I was in Bangkok a few days ago (late 2010) with friends and we stayed at Khaosan Road, the western traveler mecca. We did multiple laps of the nearby streets in our short stay there. Anything less than a month should count as short stay. Bangkok and Thailand deserve more. Airlines like AIR ASIA will help the deserving.
All of Bangkok bustles with services and potable trinkets on sale. potable being the operative word. You can’t entice travelers facing airline luggage restrictions to buy the local furniture. I was doing this trip to SE Asia thanks to cheap tickets on Air Asia.

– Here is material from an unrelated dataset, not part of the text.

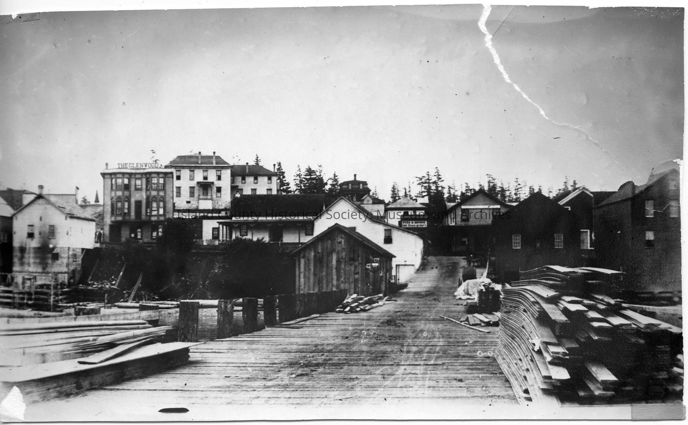 Black and white photo of Robertson's Wharf (Robertson's Dock) in Coupeville. Stacks of planks are on the wharf. Note on back: "Still there. It burned in 1896."

Walking through the markets I couldn’t help wondering : If the internet allowed us to now transcend geography and buy/consume the best digital services, borders be damned, could cheap air fares ensure the market for physical items went to the best out there too ?
Why buy the overpriced smartphone or Laptop at the local showroom when you can snag it at your next short weekend break, thanks to airlines like AIR ASIA?. A decade ago impossible. Now, thanks to upstarts like Air Asia, easy.

If the CEO is mapping out market threats, on the Porter’s 5 competitive forces framework now he should add ‘cheap air travel tickets‘ in the ‘Power Of Buyers section’.

My hypothesis : Cheap air fares will do, for some industries, what Amazon did to book sellers.
2025 Update : Cheap Air Travel did take off since this 2010 post. Asia and Europe is even more accessible to tourists in 2025 vs 2010. But I did not factor in the possibility that no one had to travel anywhere to shop if the brochure was online and anything in it came to their doorstep in 2 weeks, without too much trouble or cost. When I wrote the post in 2010 Aliexpress.com had just launched. Temu was a decade+ away, low tariffs + new massive container ships, esp Chinese, were making inroads at ports across the world.
Today, in ~2 weeks, most anything you desire can be with you, cheaply enough.
Did my hypothesis pan out ? Not really. Air Travel did become cheap but Temu is cheaper.